Look for authentication-related errors:


Error authenticating to Vault: permission denied
Error: namespace not authorized

Verify serviceaccount token

Check if the serviceaccount has a valid token:


oc get serviceaccount vault-secrets-operator -n vault-operator -o yaml

Migration from approle to Kubernetes auth

If you're migrating from AppRole to Kubernetes auth:

  1. Keep AppRole active during migration.
  2. Create Kubernetes auth configuration in parallel.
  3. Test with a single VaultStaticSecret first.
  4. Gradually migrate other secrets.
  5. Remove AppRole only after all secrets are migrated.
  6. Clean up AppRole secrets and configurations.

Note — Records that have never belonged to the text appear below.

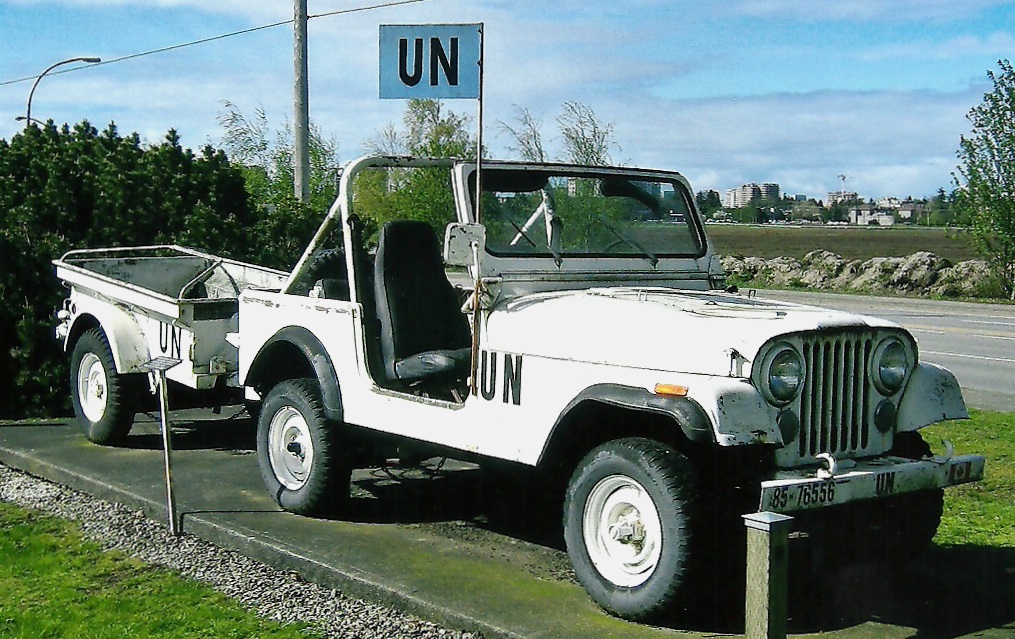 CJ-7 2¼ -ton 4 X 4 Jeep with ¼-ton trailer, painted in white with UN markings. 12 (Vancouver) Service Battalion Armoury.
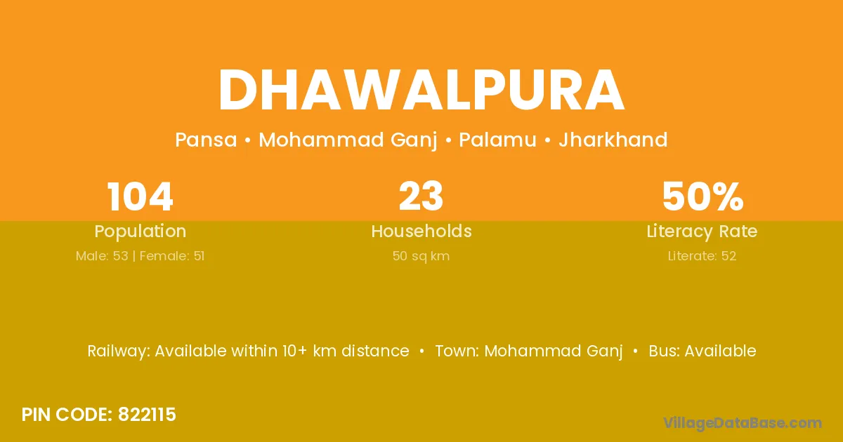 Dhawalpura village has a total population of 104 people, of which 53 are males and 51 are females.
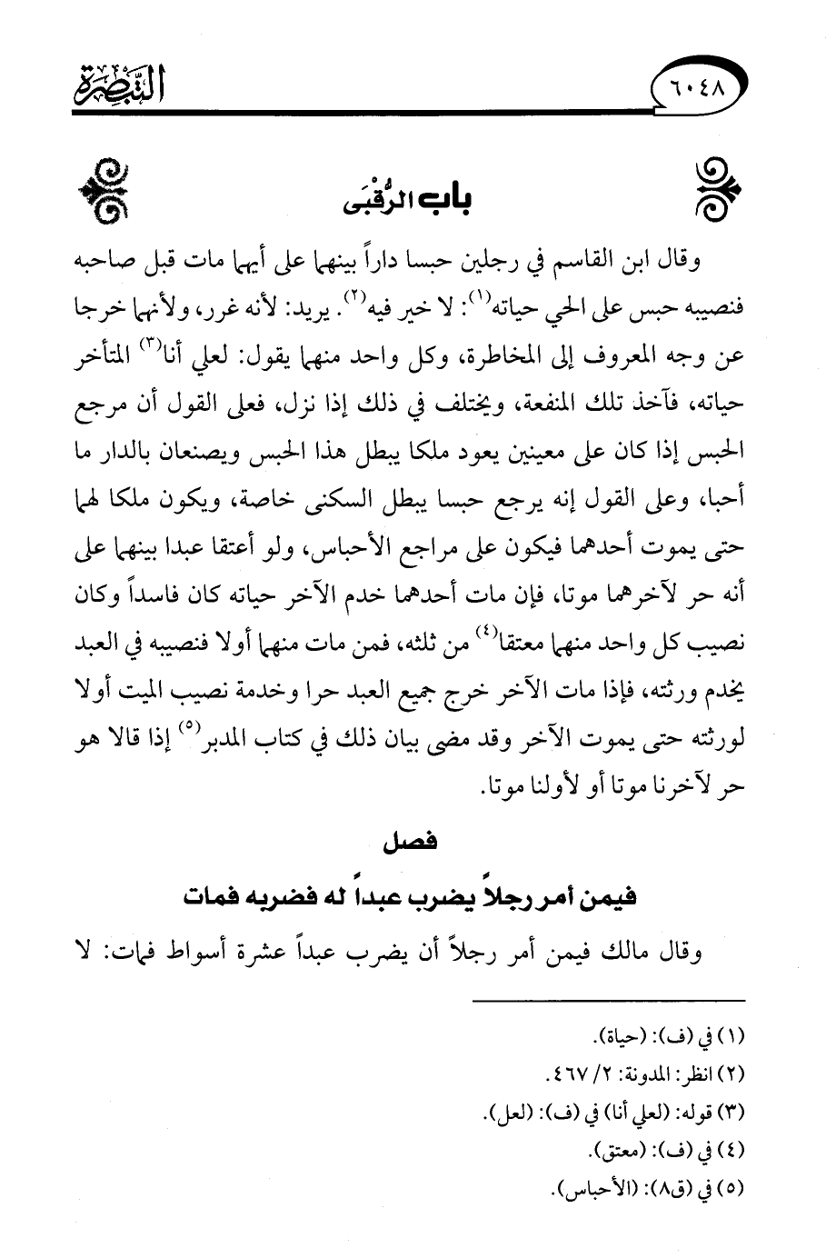 وقال ابن القاسم في رجلين حبسا دارًا بينهما على أيهما مات قبل صاحبه فنصيبه حبس على الحي حياته (¬1): لا خير فيه (¬2). يريد: لأنه غرر، ولأنهما خرجا عن وجه المعروف إلى المخاطرة، وكل واحد منهما يقول: لعلي أنا (¬3) المتأخر حياته، فآخذ تلك المنفعة، ويختلف في ذلك إذا نزل، فعلى القول أن مرجع الحبس إذا كان على معينين يعود ملكا يبطل هذا الحبس ويصنعان بالدار ما أحبا، وعلى القول إنه يرجع حبسا يبطل السكنى خاصة، ويكون ملكا لهما حتى يموت أحدهما فيكون على مراجع الأحباس، ولو أعتقا عبدا بينهما على أنه حر لآخرهما موتا، فإن مات أحدهما خدم الآخر حياته كان فاسدًا وكان نصيب كل واحد منهما معتقا (¬4) من ثلثه، فمن مات منهما أولا فنصيبه في العبد يخدم ورثته، فإذا مات الآخر خرج جميع العبد حرا وخدمة نصيب الميت أولا لورثته حتى يموت الآخر وقد مضى بيان ذلك في كتاب المدبر (¬5) إذا قالا هو حر لآخرنا موتا أو لأولنا موتا.
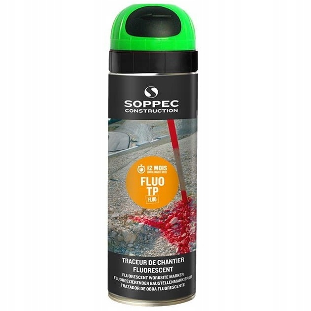 - Высокофлуоресцентная аэрозольная геодезическая краска Fluo TP компании Soppec для разметки на строительной площадке, срок службы до 12 месяцев.
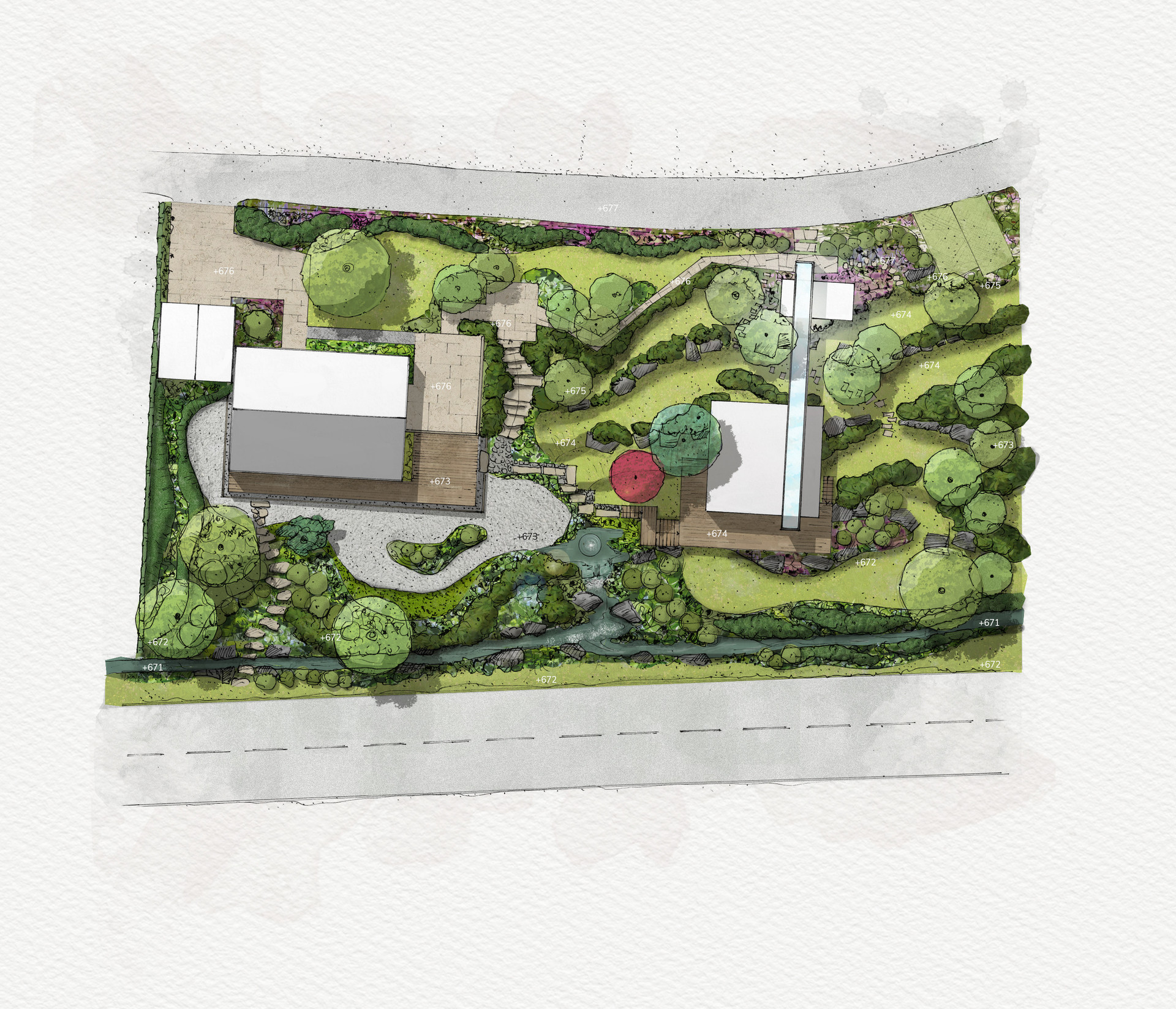 Das Grundstück wird von der höher gelegenen Nordseite über eine Zufahrtsstraße erschlossen. In diesem Bereich orientiert sich das Landschaftsbild an der regionalen Gartenkultur. Eine großzügig gestaltete Hoffläche führt zum Haupteingang des Almhauses, von dem aus ein geschwungener Kiesweg in den Gartenbereich überleitet – bis hin zu einer weitläufigen Terrasse, die einen beeindruckenden Blick über das Tal eröffnet.
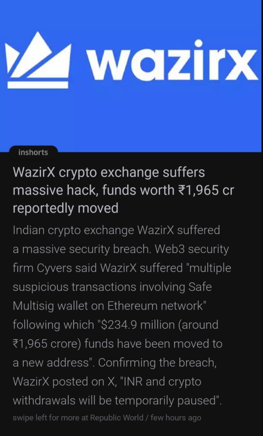 Indian crypto exchange WazirX suffered a massive security breach. Web3 security firm Cyvers said WazirX suffered "multiple suspicious transactions involving Safe Multisig wallet on Ethereum network" following which "$234.9 million (around ₹1,965 cror
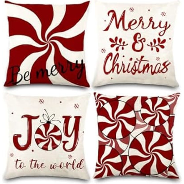 JOISHOP Christmas Pillow Covers 18x18 Inch Set of 4 Red Candy Christmas Pillow Covers Christmas Winter Square Cushion Cover for Living Room Sofa Home Bedroom Decor
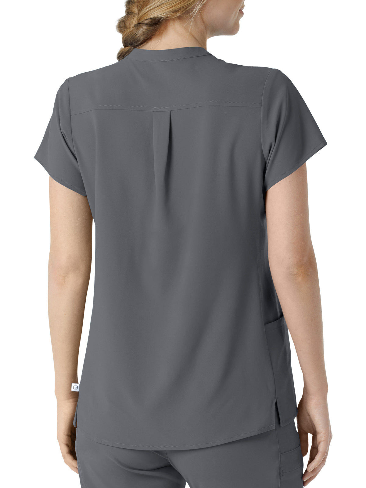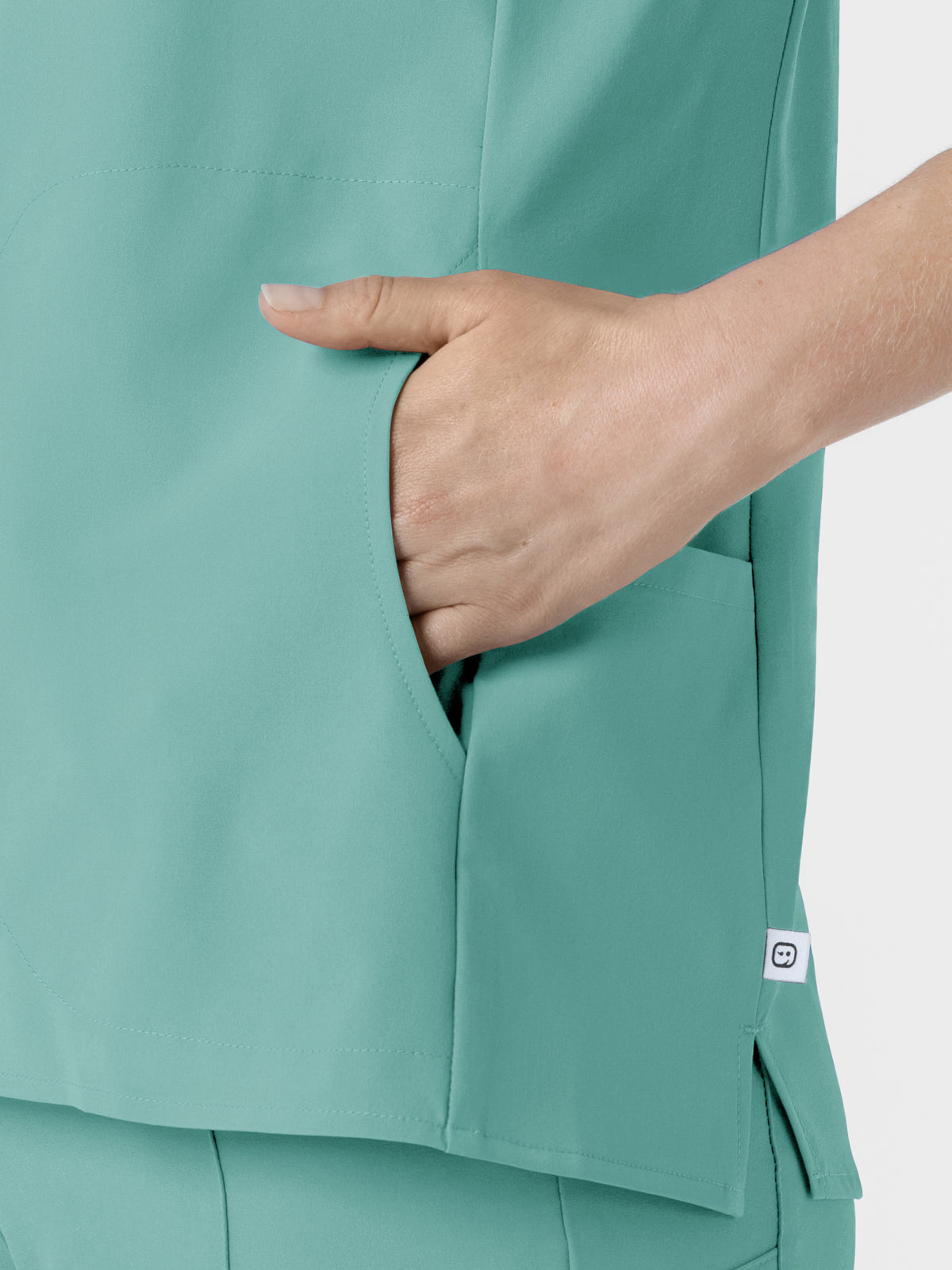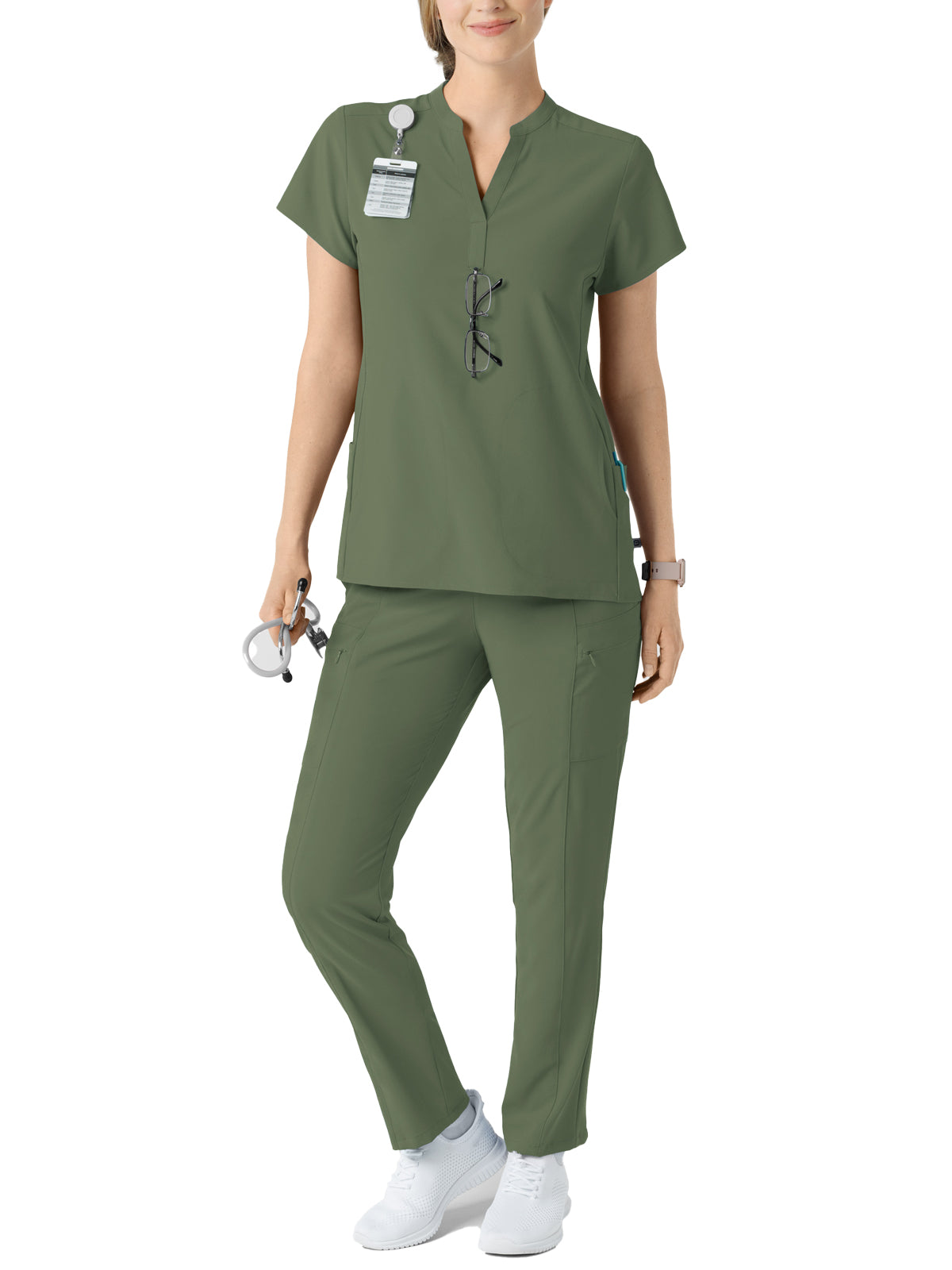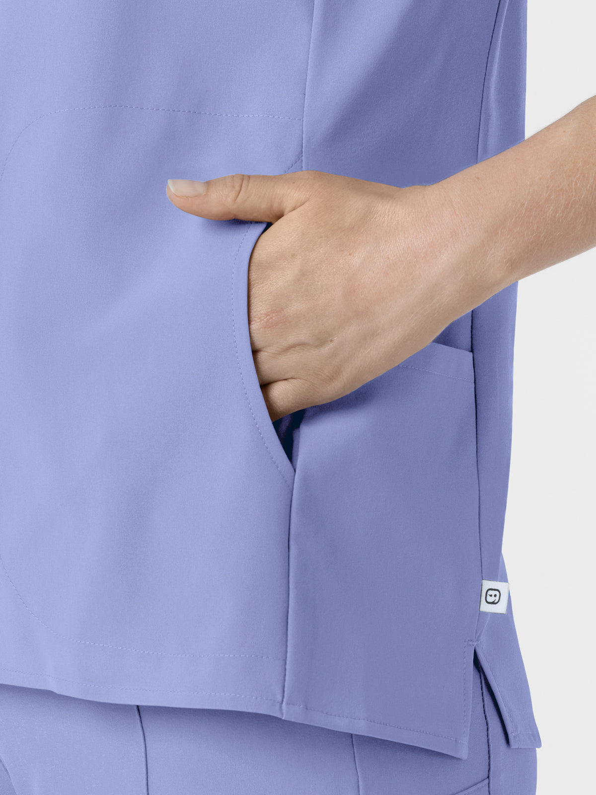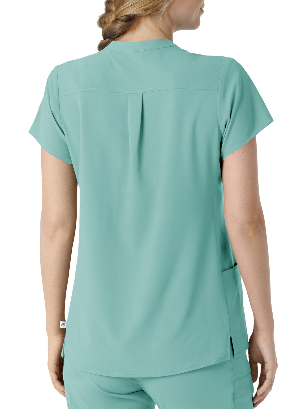 As a care provider, you know that details matter. This women's scrub top is designed with thoughtful touches that make all the difference in simplifying your day. The mandarin collar puts a polished spin on everyday practicality, giving you a professional, stylish look that lasts through long shifts and busy days. Keep your glasses or your badge on a loop on the lower neckline or on another loop right at the shoulder. Tote tools and essentials from room to room with side-entry pockets on the front and top-entry pockets on the side panels. The back yoke with pleats helps give the silhouette shape, and the shirttail with vents makes moving around feel easy and restriction-free. The stretchy fabric moves with you in all the ways you stretch, bend and reach from task to task. It's eco-friendly too, so you're caring for the planet as you're caring for your patients.
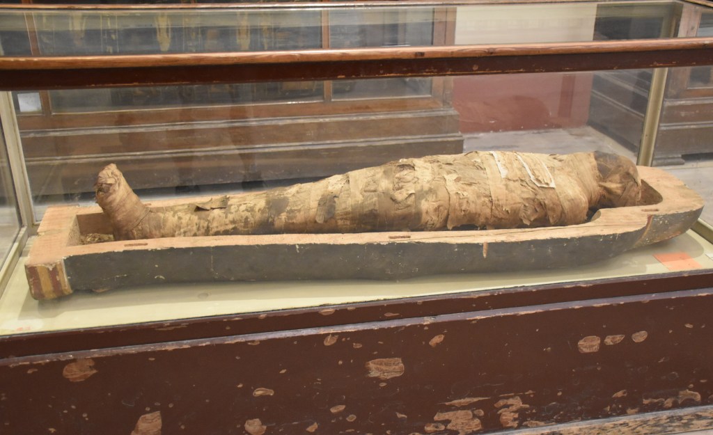 There are two levels in the museum, and on the top level parts have unlabelled sarcophagi on shelves like they are waiting to be examined. The building honestly isn’t big enough to house everything effectively although they do do a decent job with the space they have available. It must be hard to leave without feeling completely overwhelmed as I did.
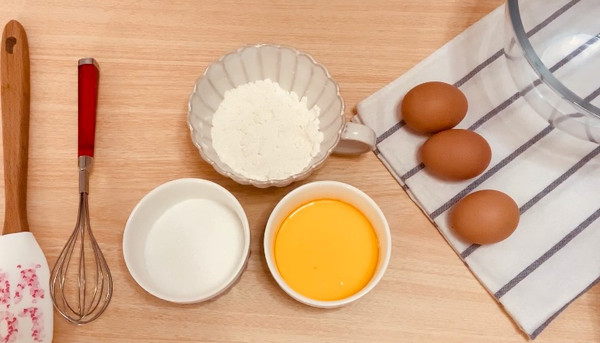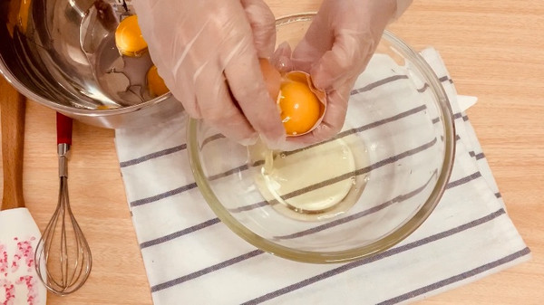 分离蛋白与蛋黄,分别放入两个干净的盆里,盆要无油无水才不会影响蛋白打发。
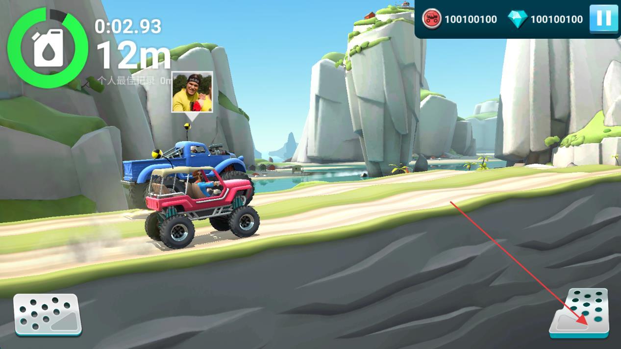 1、選擇初始越野車駛?cè)胧讞l叢林賽道,通過左屏剎車鍵控制下坡速度,右屏油門鍵維持爬坡動力,保持車身平衡向前行進。
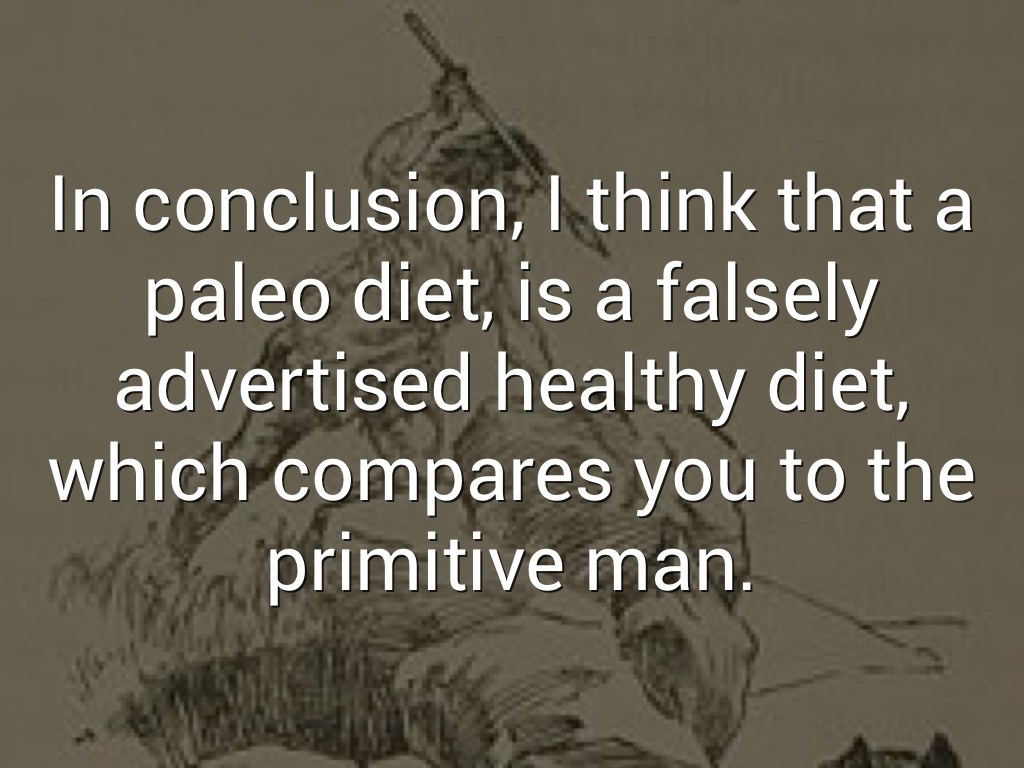 In conclusion, I think that a paleo diet, is a falsely advertised healthy diet, which compares you to the primitive man.
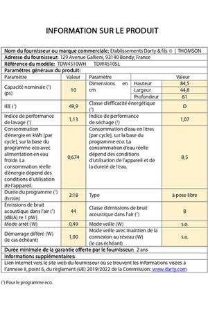 - Consommation d'eau 8.5 L/cycle - Classe énergétique D

# After successful migration, disable AppRole
oc exec -it vault-0 -n vault -- /bin/sh
export VAULT_ADDR=http://127.0.0.1:8200
vault login <root_token>

# Delete AppRole role
vault delete auth/approle/role/myapp-role

# Optional: Disable AppRole if not used elsewhere
# vault auth disable approle

exit

Troubleshooting Vault SSH Secret Engine

Certificate rejected

If SSH rejects the certificate:

  1. Verify the CA public key is correctly configured on the target server.
  2. Check certificate validity period hasn't expired.
  3. Ensure valid_principals matches the username you're connecting as.
  4. Verify SSH daemon configuration includes TrustedUserCAKeys.

Permission denied

If you get permission denied:

  1. Check the allowed_users in the Vault role configuration.
  2. Verify your Vault token has permission to sign certificates.
  3. Ensure the certificate file has correct permissions (600).

Certificate expired

Certificates have a TTL. If expired:

  1. Request a new signed certificate from Vault.
  2. Consider increasing the TTL in the role configuration (balance security vs convenience).

Troubleshooting Vault Disaster Recovery

Use these commands to troubleshoot and diagnose issues with Vault DR replication:

Check replication status:


vault read sys/replication/dr/status

Check Raft cluster health:


vault operator raft list-peers
vault operator raft autopilot state

Remove a dead peer manually (only when Autopilot cannot):


vault operator raft remove-peer <node-id>

Check Vault pod labels (useful for automation):


oc get pods -n vault --show-labels

Verify DNS resolution for Raft peers:


oc exec vault-0 -n vault -- nslookup vault-0.vault-internal.vault.svc

View operational logs:


oc logs -n vault vault-0

Execute commands in a pod for CLI operations:


oc exec -n vault -it vault-0 -- /bin/sh

Performance replication

Deploy performance replication (PR) when you need to serve Vault client traffic across multiple regions while sharing the same secret material and configuration.

Vault performance replication streams secret data in near-real-time from a primary cluster to secondary clusters. Performance replication secondary clusters manage their own tokens and leases, handle read requests locally, and forward write requests to the primary cluster. This enables low-latency secret access across multiple sites.